Kaylee DeFer is an American actress. She is best known for her portrayals of Hillary Gold in The War at Home and Ivy Dickens in Gossip Girl.

==Early life==
DeFer was born in Tucson, Arizona. In 2003, she moved to Los Angeles to pursue a career in acting.

==Career==
DeFer made her acting debut in a March 2004 episode of the Nickelodeon sitcom Drake & Josh. She has since made a number of guest appearances on television shows such as Quintuplets, Ghost Whisperer, CSI: Miami, and How I Met Your Mother. DeFer appears on the cover of Reeve Oliver's second album, Touchtone Inferno (2007).

In May 2004, DeFer was cast as Scarlett on The WB's drama series The Mountain. The series follows the personal lives of the staff and friends at a remote ski resort. The series premiered on September 22, 2004, but was cancelled after four months.
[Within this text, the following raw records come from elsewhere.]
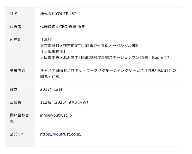 ▶ 採用支援「YOUTRUST TALENT」:https://lp.youtrust.jp/recruiter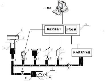 實(shí)驗(yàn)裝置主要由穩(wěn)態(tài)壓力波發(fā)生裝置、工業(yè)用遠(yuǎn)傳壓力表、低響應(yīng)頻率的壓力傳感器、高頻壓力傳感器、開(kāi)關(guān)電源、數(shù)據(jù)采集板卡、計(jì)算機(jī)以及管路組成,系統(tǒng)結(jié)構(gòu)簡(jiǎn)圖如圖1所示。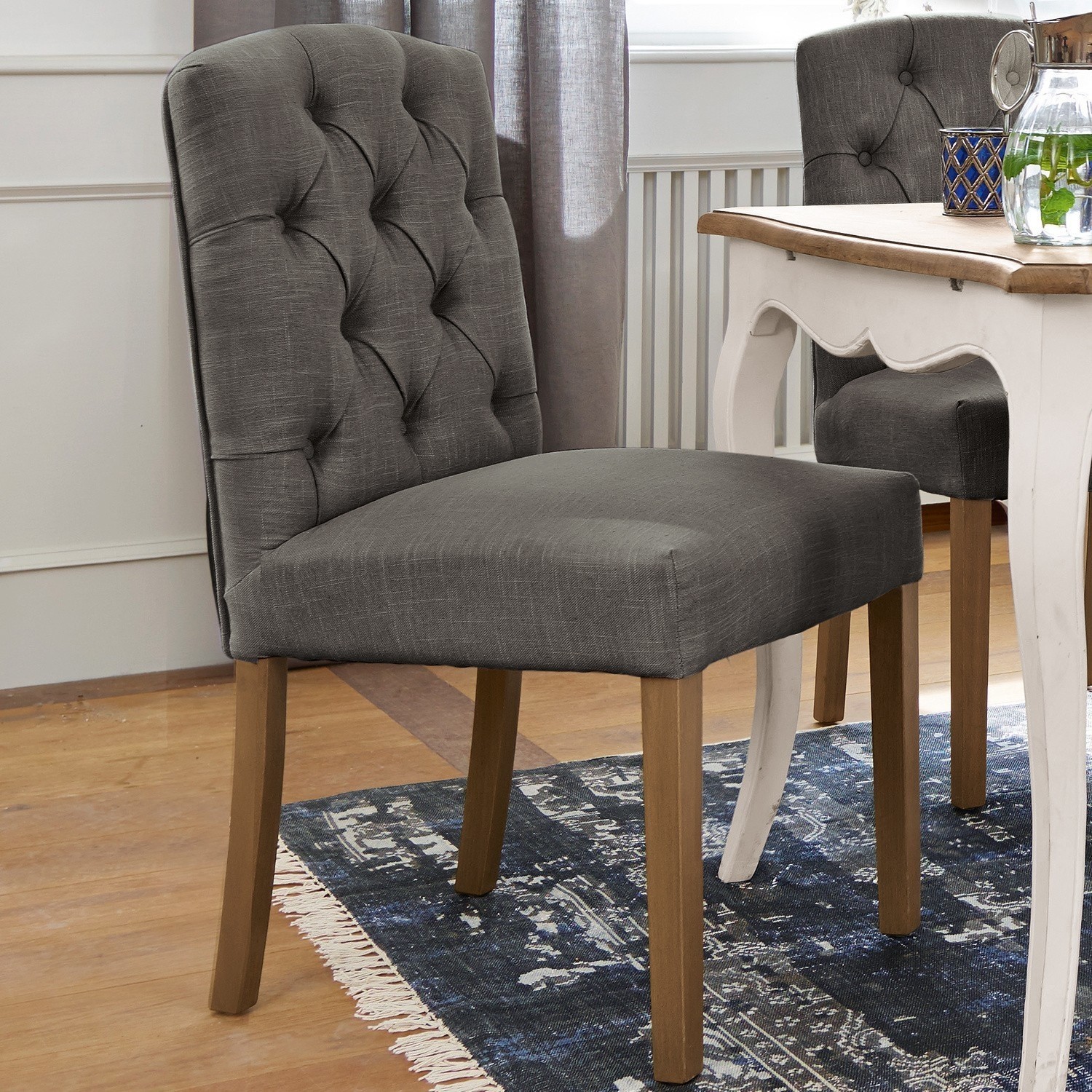 Dieser Stuhl überzeugt als zeitlos-eleganter Klassiker – vor allem im Esszimmer oder Salon. Die komfortabel gepolsterte Rückenlehne ziert eine Knopfsteppung im Chesterfield-Look. Die dunklen Massivholzbeine aus Buche und eine robuste Unterkonstruktion – ebenfalls aus Echtholz – unterstreichen noch den zeitlosen Charme dieses hochwertig verarbeiteten Sitzmöbels. Der Bezug: Ein pflegeleichtes Material, das kleine Klecker-Malheure nicht allzu krumm nimmt. Wir empfehlen in einem solchen Fall die Reinigung mit einem Microfasertuch und ein wenig lauwarmer Seifenlauge.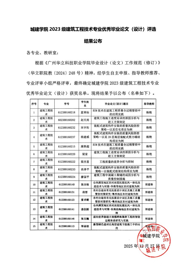城建學(xué)院2023級建筑工程技術(shù)專業(yè)優(yōu)秀畢業(yè)論文(設(shè)計)評選公布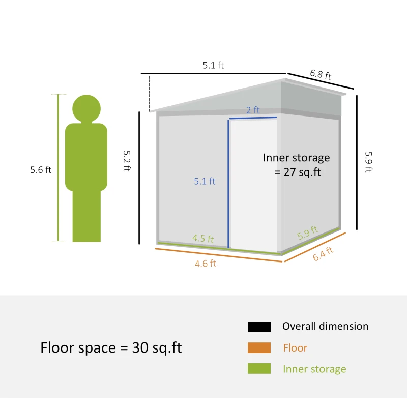 7 x 5ft outdoor storage shed: Store garden tools and equipment. Large enough for bikes or long-handled rakes and shovels. || Two hooks and two adjustable shelves: Easy organisation inside this lean-to shed, for holding and hanging smaller items. || Galvanised steel shell, with sliding door: Metal storage shed is outdoor ready. Strong and stable, it is resistant to water and UV damage. Door means shed is easy to enter and leave. || Two ventilation slots: Brings air inside metal garden shed, helps keep it fresh. || Dimensions: 160/181H x 154W x 206.5Dcm. Inner: 137W x 181Dcm. Gloves included to use during setup. 2-3 people recommended to build.

In April 2005, DeFer landed a role on the Fox sitcom The War at Home. The series centers on the day-to-day life of Gold family who reside on Long Island, New York. DeFer portrayed teenager Hillary Gold, the eldest child who frequently misbehaves. The series premiered on September 11, 2005, to 7.2 million viewers, but received generally negative reviews from critics. The series ran for two seasons.

DeFer starred in her theatrical film debut Flicka, released in October 2006. DeFer portrayed the film's antagonist, Miranda Koop. In 2011, DeFer starred in the low-budget Western film Mattie, which was released on DVD under the title Renegade.

In April 2011, The CW announced DeFer would have a major recurring arc in both the fourth and fifth seasons of Gossip Girl. DeFer had previously auditioned for the role of Raina Thorpe, but she did not receive the part. DeFer portrayed the role of Ivy Dickens, a con artist who pretends to be Charlotte "Charlie" Rhodes in order to get access to the latter's trust fund. DeFer was reunited with The Mountain castmate Penn Badgley. She reprised her role of Ivy in the series' sixth and final season and was listed as a main cast member. In May 2013, DeFer announced plans to take a break from acting after the birth of her first son.

==Personal life==
In January 2012, DeFer called off her engagement to jewelry designer Michael Raymond Pereira, whom she had been dating on and off since 2002.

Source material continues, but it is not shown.